Richard H. Hughes, IV, Member of the Firm in the Health Care & Life Sciences practice, in the firm’s Washington, DC, office, authored an article in Health Affairs, titled “The US Supreme Court and the Uncertain Future of Preventive Care.”

Following is an excerpt:

As the US Supreme Court begins its 2024–25 term, the possibility looms that it might put yet another consequential case on its docket concerning the future of the Affordable Care Act (ACA). This time, the case concerns one of the law’s most popular provisions—its preventive services mandate.

Meanwhile, recent trends in the Court’s jurisprudence on the role of regulators and experts—most notably its overturning of Chevron—raise the specter of greater political and judicial involvement in determining which preventive services must be covered by health insurance.

In the balance is access to preventive care for more than 150 million Americans.

Will Braidwood Come Before The US Supreme Court?

On September 19, the federal government filed its petition for certiorari (seeking judicial review of a lower court’s decision) with the Supreme Court of the United States in Braidwood v.

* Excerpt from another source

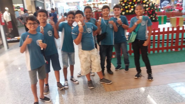 Alunos Vencedores de Campanha Ambiental promovida pelo Clube da Casa Nova Era, de TP, aproveitam a premiação para conhecer um shopping center

Becerra, asking it to uphold the authority of the US Preventive Services Task Force (Task Force) in determining insurance coverage requirements for preventive services under the ACA.

The plaintiffs have until October 21 to file their brief in opposition and/or cross-petition for certiorari. They may raise the constitutionality of the ACA’s delegation to the Advisory Committee on Immunization Practices (ACIP) and the Health Resources and Services Administration (HRSA), too.

The Supreme Court must still determine whether it will take the case, which it will likely do by the end of November—setting up the potential for oral arguments and a decision in its 2024–25 term (from October 2024 through June 2025).

The Braidwood plaintiffs oppose health insurance that covers certain preventive services contrary to their religious beliefs, claiming such services encourage sexual behaviors and drug use. Their principal legal claim challenges the ACA's delegation of coverage decisions to advisory bodies as unconstitutional, arguing it infringes on their religious exercise.

The specific legal question at the heart of the case is whether the Task Force’s role is constitutional.

The government’s case hinges on a statute that specifies that the Task Force is independent and not subject to political pressure. The Texas trial court in Braidwood has interpreted this purported limitation on political accountability to violate the Appointments Clause of the US Constitution. The Fifth Circuit agreed in its June ruling.

To remedy this constitutional problem, the government asked the Fifth Circuit, and now the Supreme Court, to strike only the statutory provision insulating the Task Force under the doctrine of severability. The doctrine presumes Congress wishes for its laws to stand, thereby deploying a “scalpel” rather than a “bulldozer” to excise a faulty provision. This would effectively allow for oversight of the Task Force by those “up the political chain,” effectively resolving any constitutional problems and keeping its role under the ACA intact.

Chief Justice John Roberts’ description of the Court’s “settled severability doctrine” should favor the Task Force, but the Supreme Court has been prone to producing surprises in recent terms. In United States v. Arthrex, seven of the justices in an otherwise splintered decision agreed to sever a similarly problematic statutory provision, allowing for supervision of a patent board. Its previous stance on severability suggests that the Fifth Circuit may have misjudged the Appointments Clause issue, and the Supreme Court may overturn that decision in favor of the Task Force.